**WHAT THE EXERCISE ASKS**: Every line of the data below should be retyped exactly, with no images carried over.

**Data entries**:
※

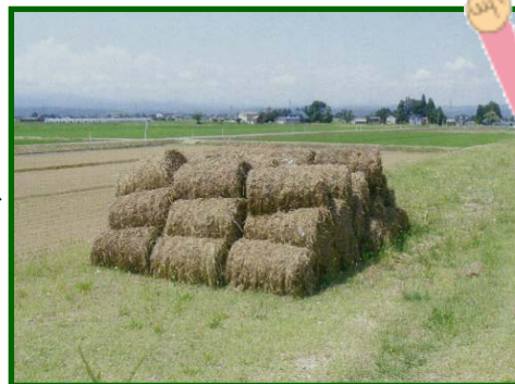
刈草はロール状にして提供しています
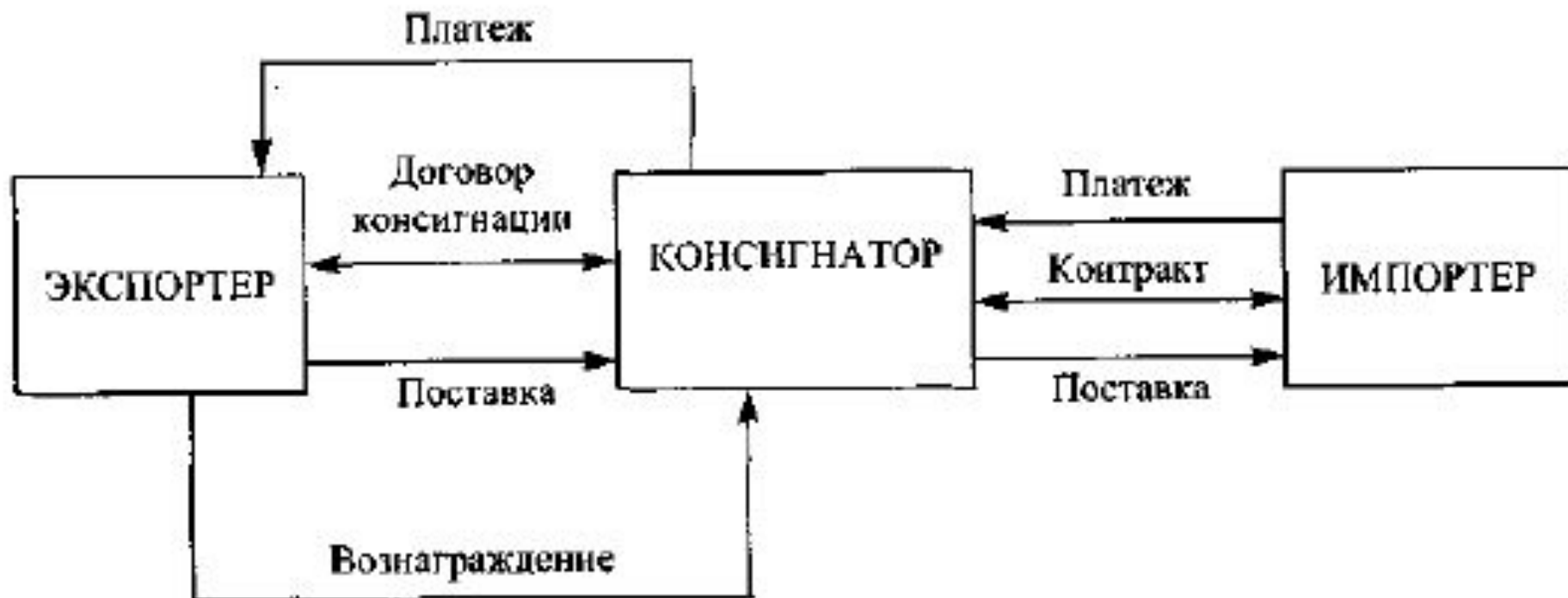
Рис. 28.5. Схема действий консигнатора
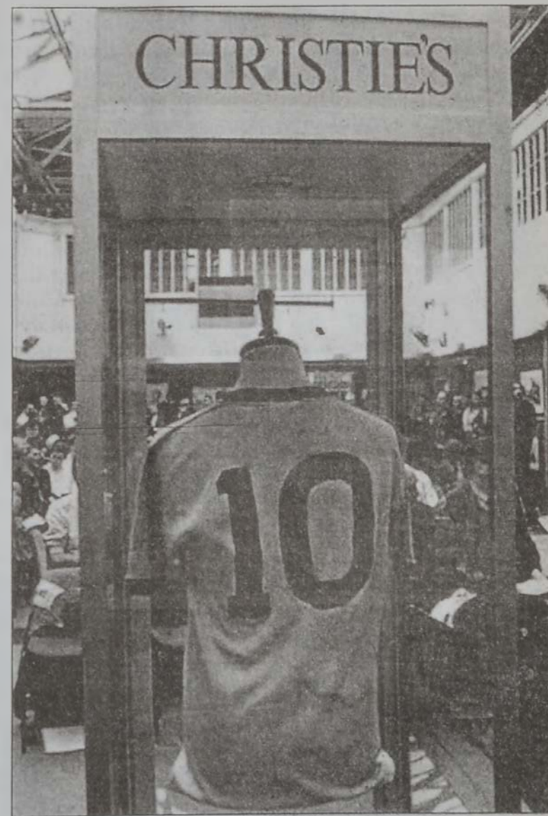
Փելէի շապիկը՝ «Էրիսթիզ»ի տան մէջ:

Անցեալ շաբաթավերջին «Էրիսթիզ» աճուրդի փան մէջ (Լոնկոն) վաճառուեցաւ որագիւցի ֆուտպոլի ասպղ Փելէի թիւ 10 շապիկը՝ 220 հազար փոլարի: Եւրոպայի վաճառքը ակնկալուածէն երեք անգամ ատելի սուղ վաճառուեցաւ: Փելէի զայն հազար էր 1970ի Մոնտիալի արարականին: Երբ հարց արուած է անոր, թէ արդեօք ի՞նչ մեկնաբանութիւն ունի կապարակիլ այս գծով, ան ժողիպով մը դասախոսեցաւ, թէ ինք չէր այդ գիւրը որոշողը, հետեւաբար անիկա այդքան ալ կ'արժէ:
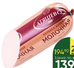
Колбаса АТЯШЕВО Молочная вареная, 500 г

194 90 28% Экономия Цена по карте 139 90
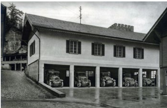
Ansicht Gebäude 12, LKW-Garage und Lagergebäude um 1928 und 2017.

Das Gebäude 12 wurde damals als Garage für die Bierlieferungswagen benutzt. Im Obergeschoss wurden unter anderem Buffets und Festmobiliar gelagert.
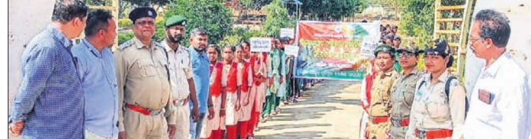
କାର୍ଯ୍ୟକ୍ରମରେ ବନ ବିଭାଗ କର୍ମଚାରୀ ଓ ଛାତ୍ରଛାତ୍ରୀ ।
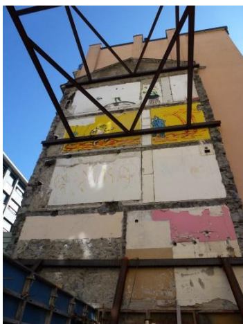
Etayage provisoire des immeubles voisins
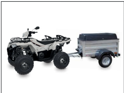
CRESCI H3 S.F. (Quad-Anhänger)
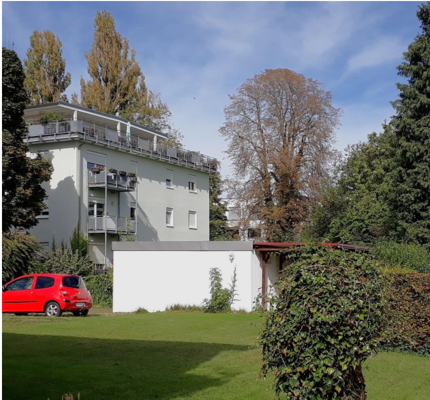
Blick im Garten zur Garage
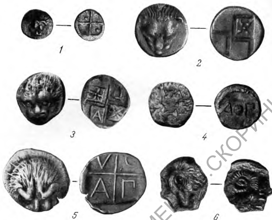
Монеты Пантикапея V в. до н. э. Из собрания ГИМ. Увеличено в 2 раза. 1, 2, 3, 5 и 6 — серебро; 4 — медь
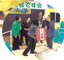
◀ 民生児童委員による手作り劇

昼食後、海津地区民生児童委員による「太郎さんとまわりの人々パート2」を鑑賞しました。この演劇は昨年披露した劇の続編となっており、今回も脚本から演出や舞台道具、衣装まで民生児童委員の手作りです。また、劇中では振り込め詐欺防止を訴え、歌や体操を混ぜ、笑いあいの楽しい劇を披露していただきました。
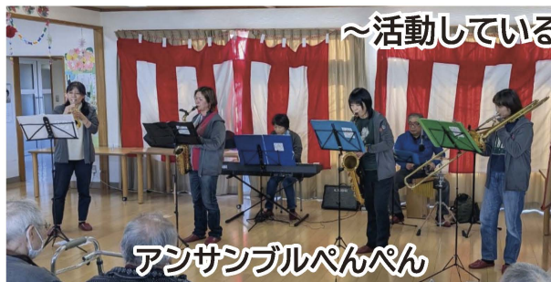
～活動しているグループ紹介～

レクリエーションの時間（30分程度）、ご自分の好きなこと！得意なこと！日頃の成果をご披露してみませんか。演奏、踊りなど、ご利用者さんと一緒に楽しめる方々、大歓迎！
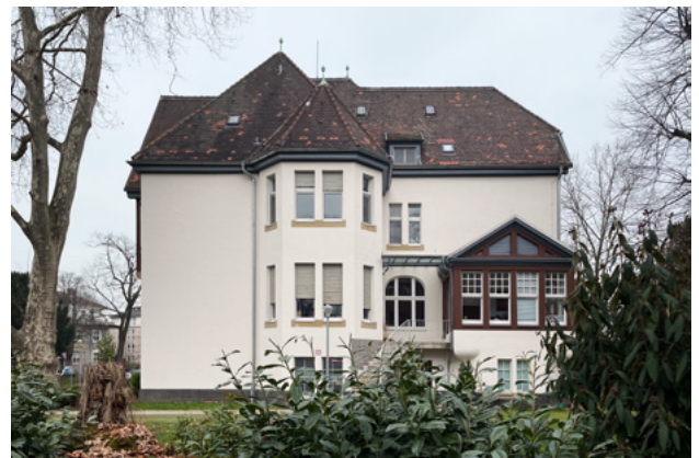
Abb. 2: Die Dachfläche ist nur von einem privaten Garten aus einsehbar

„Öffentlicher Raum“ sind öffentlich gewidmete Verkehrs- oder Grünflächen.

※

**ANSWER FOR THE TASK**:
刈草はロール状にして提供しています
Рис. 28.5. Схема действий консигнатора
Փելէի շապիկը՝ «Էրիսթիզ»ի տան մէջ:

Անցեալ շաբաթավերջին «Էրիսթիզ» աճուրդի փան մէջ (Լոնկոն) վաճառուեցաւ որագիւցի ֆուտպոլի ասպղ Փելէի թիւ 10 շապիկը՝ 220 հազար փոլարի: Եւրոպայի վաճառքը ակնկալուածէն երեք անգամ ատելի սուղ վաճառուեցաւ: Փելէի զայն հազար էր 1970ի Մոնտիալի արարականին: Երբ հարց արուած է անոր, թէ արդեօք ի՞նչ մեկնաբանութիւն ունի կապարակիլ այս գծով, ան ժողիպով մը դասախոսեցաւ, թէ ինք չէր այդ գիւրը որոշողը, հետեւաբար անիկա այդքան ալ կ'արժէ:
Колбаса АТЯШЕВО Молочная вареная, 500 г

194 90 28% Экономия Цена по карте 139 90
Ansicht Gebäude 12, LKW-Garage und Lagergebäude um 1928 und 2017.

Das Gebäude 12 wurde damals als Garage für die Bierlieferungswagen benutzt. Im Obergeschoss wurden unter anderem Buffets und Festmobiliar gelagert.
କାର୍ଯ୍ୟକ୍ରମରେ ବନ ବିଭାଗ କର୍ମଚାରୀ ଓ ଛାତ୍ରଛାତ୍ରୀ ।
Etayage provisoire des immeubles voisins
CRESCI H3 S.F. (Quad-Anhänger)
Blick im Garten zur Garage
Монеты Пантикапея V в. до н. э. Из собрания ГИМ. Увеличено в 2 раза. 1, 2, 3, 5 и 6 — серебро; 4 — медь
◀ 民生児童委員による手作り劇

昼食後、海津地区民生児童委員による「太郎さんとまわりの人々パート2」を鑑賞しました。この演劇は昨年披露した劇の続編となっており、今回も脚本から演出や舞台道具、衣装まで民生児童委員の手作りです。また、劇中では振り込め詐欺防止を訴え、歌や体操を混ぜ、笑いあいの楽しい劇を披露していただきました。
～活動しているグループ紹介～

レクリエーションの時間（30分程度）、ご自分の好きなこと！得意なこと！日頃の成果をご披露してみませんか。演奏、踊りなど、ご利用者さんと一緒に楽しめる方々、大歓迎！
Abb. 2: Die Dachfläche ist nur von einem privaten Garten aus einsehbar

„Öffentlicher Raum“ sind öffentlich gewidmete Verkehrs- oder Grünflächen.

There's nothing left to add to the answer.